An article from Matt Maldre about skipping to the popular parts of a YouTube video caught my eye:
Take this two-hour animation of a candy corn ablaze in a fireplace. This cute video is a simple loop that goes over and over. Certainly, in two hours, there’s got to be sort of Easter egg that happens, right? Maybe Santa comes down the chimney.
Roll over the Engagement Graph, and you’ll see some spikes.
I checked out the spikes. Nothing different happens. It’s the same loop. It’s just people clicking the same spikes that other people did because other people clicked it.
Because humans are humans and nature is nature. Now how many fields of science are made of people analyzing, explaining, narrating and writing millions upon millions of words about an equivalent of these spikes?

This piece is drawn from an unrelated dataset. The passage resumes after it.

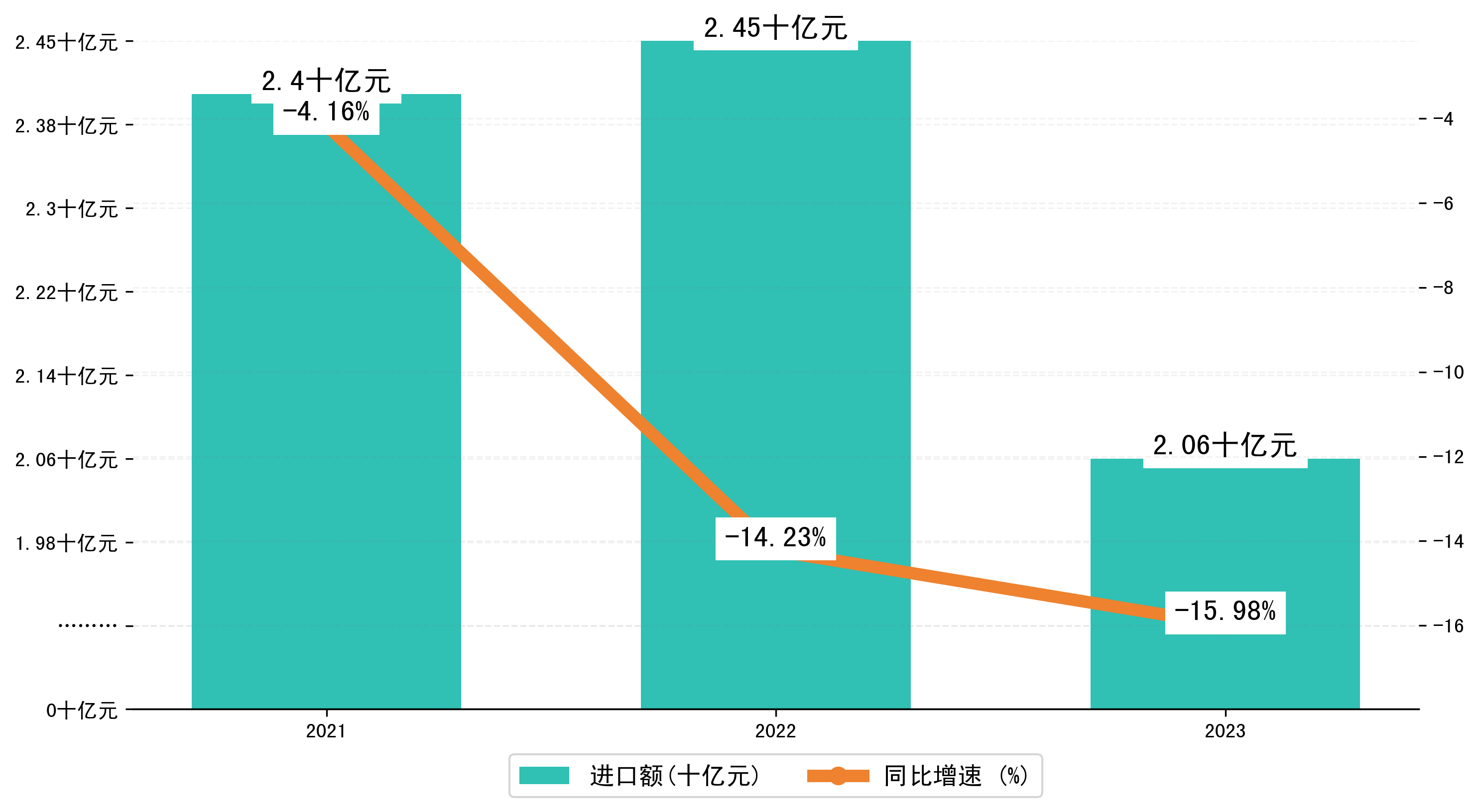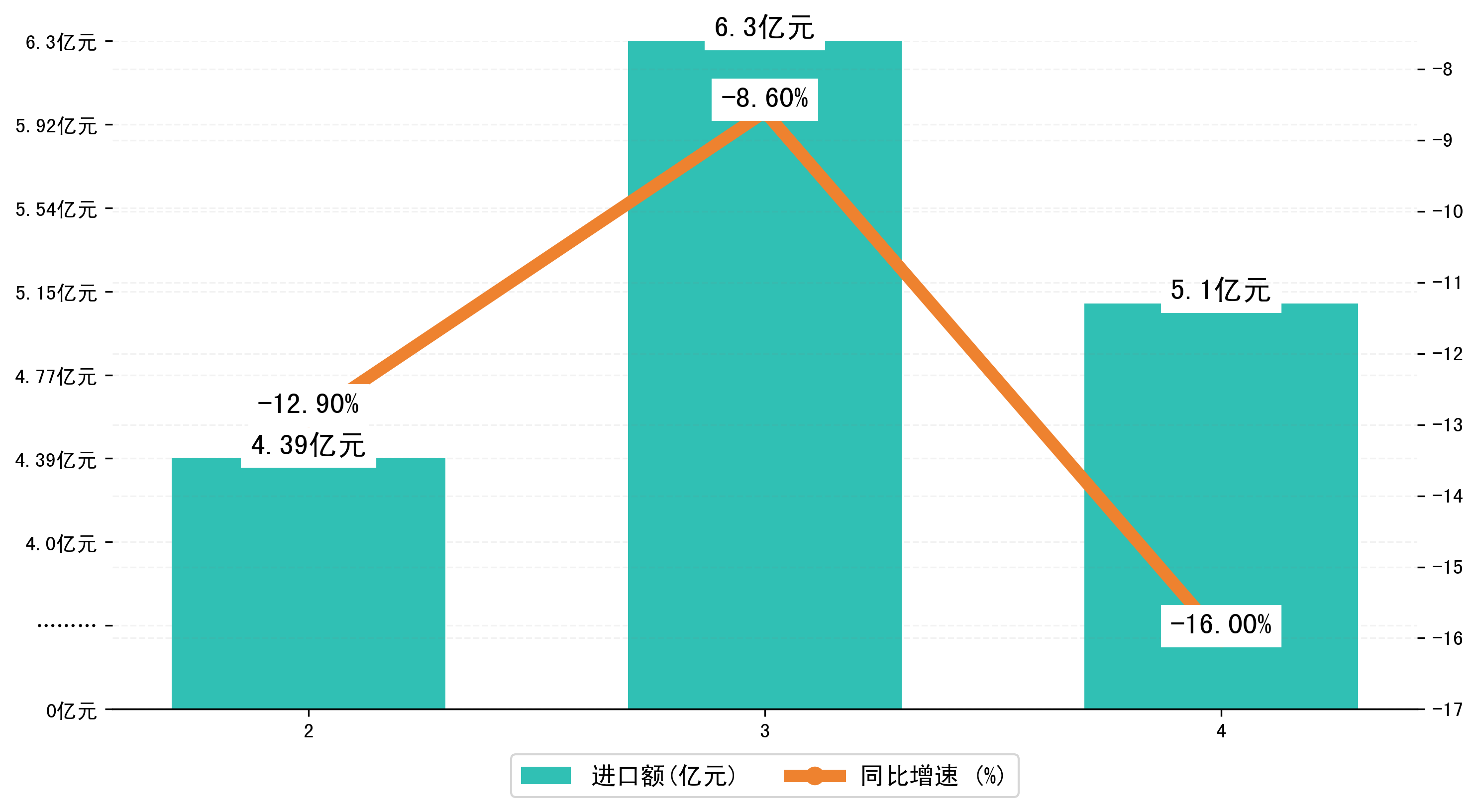 以人民币计,2023年1-4月滁州市进口额为20,6179.7049万元,相比上年同期减少了3,9219.1871万元,同比减少了-16.00%。

Microbiome for sure. Much of genetics as currently practiced. Anything that relies on principle component analysis. What else?
Man-made things don’t get better on their own, and without care and attention will in fact get worse. A post from Patrick Collison on X about important historical novels is a good example, not just because of the topic (19th century novels had more complex language, more intricate themes and had more respect for the characters than their modern counterparts) but also, well, just look at the teXt itself: a supposedly text-oriented platform has no formatting, no links, and is an insult to the eyes. Enshittification in action.
Nate Silver, who so vehemently defended Daylight Saving Time, does not in fact know what DST means. No, I will not call him a clown — though he has made himself appear to act like one — because he may actually be on our side!